Шоссе подвело юношу к фольварку остзейского барона. Белый дом обнесен невысокой кирпичной оградой. У открытых ворот часовой в небрежной позе. Он грызет семячки, щека его подвязана грязнейшей тряпкой и кой-как, впритык к стене — винтовка со штыком. — Эй, ты! Куда? — Но Николай Ребров, не останавливаясь, вошел внутрь двора. Справа, у кухни, солдат в рубахе и окровавленном фартуке обдирал баранью тушу. Рыжая собака, нетерпеливо повизгивая, переступала с ноги на ногу и пускала слюни. Из раскрытого низенького окна кухни валил хлебный пар, и в пару, как в облаках, торчала рыжекудрая, краснощекая голова херувима. Херувим курил трубку и смачно сплевывал чрез окно на снег. Пересекая двор, быстро шли с корзинками две молодые толстозадые эстонки. Изо всех щелей, как к зайчихам зайцы, молодцевато перепрыгивая чрез кучи снега, скакала к ним неунывающая солдатня.

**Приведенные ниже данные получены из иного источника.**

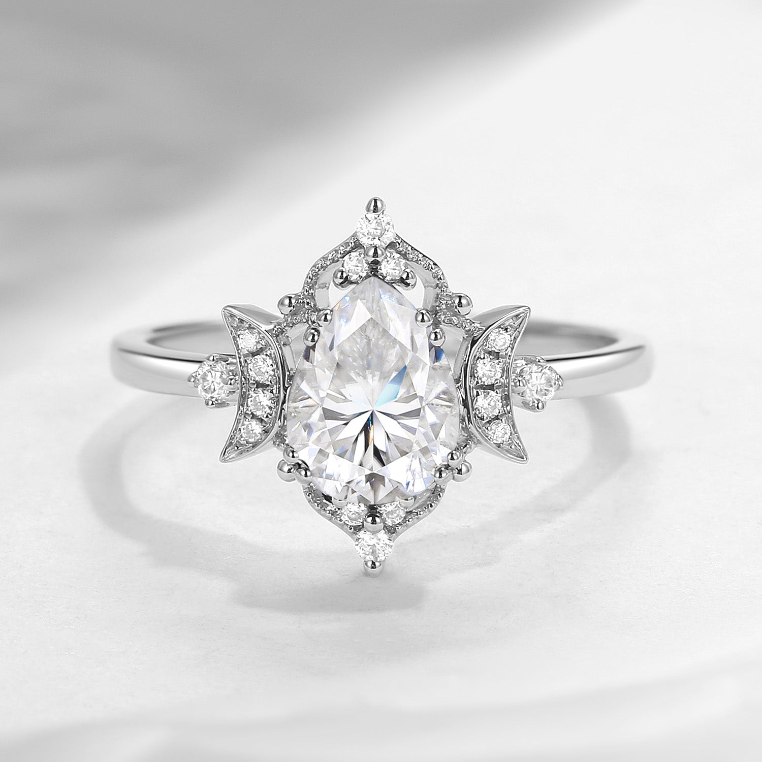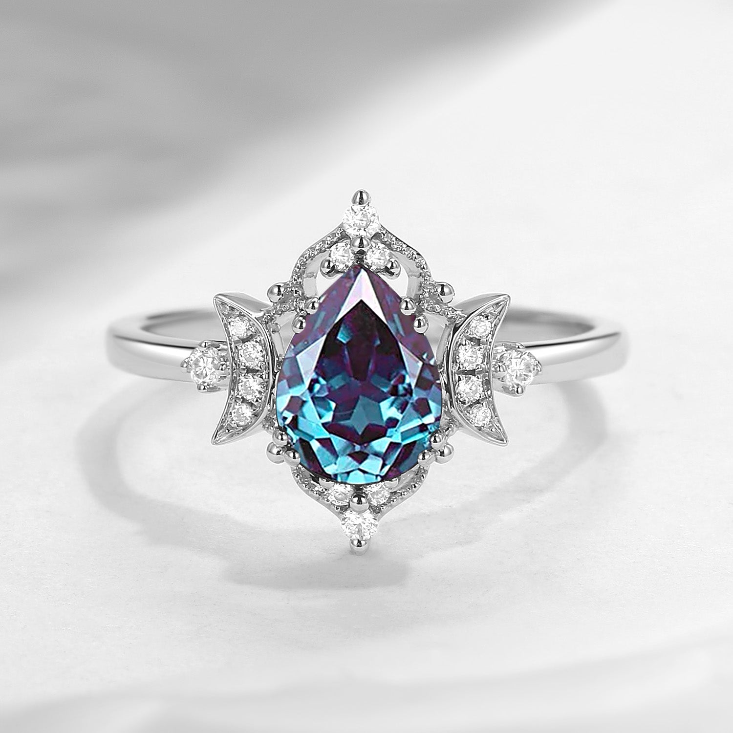 Lab Alexandrite Engagement Ring 1ct Mystic Boho Ring White Gold Ring Unique Pear Moon Star Ring Changing Color Alexandrite Gift Women
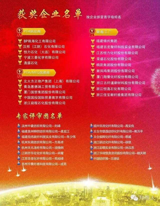 本次獲獎(jiǎng)的企業(yè)不僅在“第十五屆中國(guó)杭州化纖論壇”現(xiàn)場(chǎng)被授予2015年度中國(guó)聚酯業(yè)十佳供應(yīng)商證書(shū),還將享有在中國(guó)化纖信息網(wǎng)及CCFgroup“中國(guó)聚酯十佳供應(yīng)商”欄目進(jìn)行圖標(biāo)鏈接,有助于樹(shù)立良好的企業(yè)品牌形象和收獲更多的社會(huì)影響力。
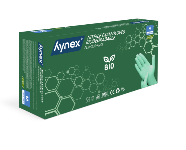 Duurzaam & comfortabel: biologisch afbreekbare nitril wegwerphandschoenen van Hynex Ontdek de nieuwste toevoeging aan het Hynex-assortiment: biologisch afbreekbare nitril wegwerphandschoenen. Met de introductie van deze biologisch afbreekbare handschoenen zetten we een logische stap in onze duurzame koers – zonder concessies te doen aan het ultieme draagcomfort en de optimale bescherming. En zoals je van Hynex gewend bent, geniet je nog steeds van de beste prijs-kwaliteitverhouding. Kies voor milieuvriendelijk gemak, zonder in te leveren op prestaties!Biologisch afbreekbare nitril wegwerphandschoenen De biologisch afbreekbare nitrilhandschoenen vormen een duurzaam alternatief. Dankzij de innovatieve toevoeging van bio-agentia in de formule behouden ze dezelfde betrouwbaarheid als gewone nitril wegwerphandschoenen. Dit betekent dat ze, zodra ze in contact komen met specifieke micro-organismen in de bodem, op natuurlijke wijze worden afgebroken zonder schadelijke resten achter te laten.Voor jouw gebruiksgemak Gemaakt van 100% biologisch afbreekbaar nitril, zijn deze handschoenen poedervrij en oppervlakte-gechloreerd voor extra comfort. Ze bieden een superieure sterkte, verbeterde lekbestendigheid en uitstekende chemische spatbescherming. Nitril heeft als eigenschap dat dit goed vormt naar de hand tijdens gebruik. Hierdoor heb je een goede grip, ook bij het werken in of met natte of geoliede producten of omgevingen. De getextureerde vingertoppen zorgen voor een betere grip bij zowel natte als droge omstandigheden, terwijl ze ook zorgen voor een optimale tastgevoeligheid waardoor ze een precieze aanraking mogelijk maken. Bovendien bieden deze handschoenen betrouwbare bescherming tegen bacteriën en schimmels. De gekrulde rand extra biedt extra gemak bij het aan- en uittrekken, zorgt ervoor dat vloeistoffen niet langs de arm lopen en voorkomt het terugdraaien van de handschoenen. Bovendien zijn ze zowel links als rechts te dragenSterk en betrouwbaar Nitril wegwerphandschoenen zijn sterker dan latex, rubber of vinyl handschoenen. Ze voorkomen besmettingsgevaar tijdens werkzaamheden waar hygiëne voorschriften belangrijk zijn. Werk je in de voedingsmiddelenindustrie, laboratoria, horeca of zorgsector? Dan zijn deze handschoenen de beste keuze! Nitril voor iedereen Verminder de kans op een latex allergie door puur en alleen nitril handschoenen te gebruiken. Tijdens het gebruik wordt huidirritatie voorkomen doordat de nitril handschoenen latex- en poedervrij zijn. Let op: niet steriel en geschikt voor eenmalig gebruik. Draag wegwerphandschoenen niet te lang, probeer ze elk 2 uur te vervangen voor een nieuw paar. Specificaties:?

— А дозвольте, дамочки, узнать, какие у вас супризы продаются?

— Ах, какой сдобный дамский товарец здесь: все двадцать четыре удовольствия!

Но поднявшаяся было любовная потеха с кокетливым женским визгом и увертками враз оборвалась:

— Вестовой! Где вестовой?!

— Есть! В момент, ваше благородие… — и запыхавшийся безусый солдат, быстро оправив вылезшую из брюк в возне рубаху, подбежал к крыльцу и стал во фронт.

— Немедленно заседлать коня. Понял? И карьером в штаб тыловой части… Вот этот пакет… — сухощавый лысый офицер обернулся и крикнул в дверь: — Сергей Николаевич, скоро?!

— Готово, вот! — и выбежавший на крыльцо молодой человек с белокурой бородкой подал офицеру запечатанный сюргучными печатями большой пакет.

— На! — сказал офицер подскочившему солдату. — В собственные руки генерала Верховского. Обратную расписку мне. Понял? Повтори…

Стоявший посреди двора Николай Ребров вдруг заулыбался и, сорвав с головы картуз, радостно замахал им в воздухе. Сергей Николаевич быстро сбежал с крыльца и бросился юноше на шею:

— Колька, брат! Какими судьбами?!. Вот встреча…

* * *

Николай Ребров никогда не пил такого вкусного чаю с ромом, как в этот вечер у своего двоюродного брата. Маленькая комнатка в антресолях барского богатого дома была занята двумя военными чиновниками: Сергеем Николаевичем и Павлом Федосеичем, человеком пьющим, неряшливым, с толстым животом и бабьим крикливым голосом. В комнатке жарко. Денщик открыл бутылку эстонского картофельного спирта. Сергей Николаевич снял щегольской английский френч.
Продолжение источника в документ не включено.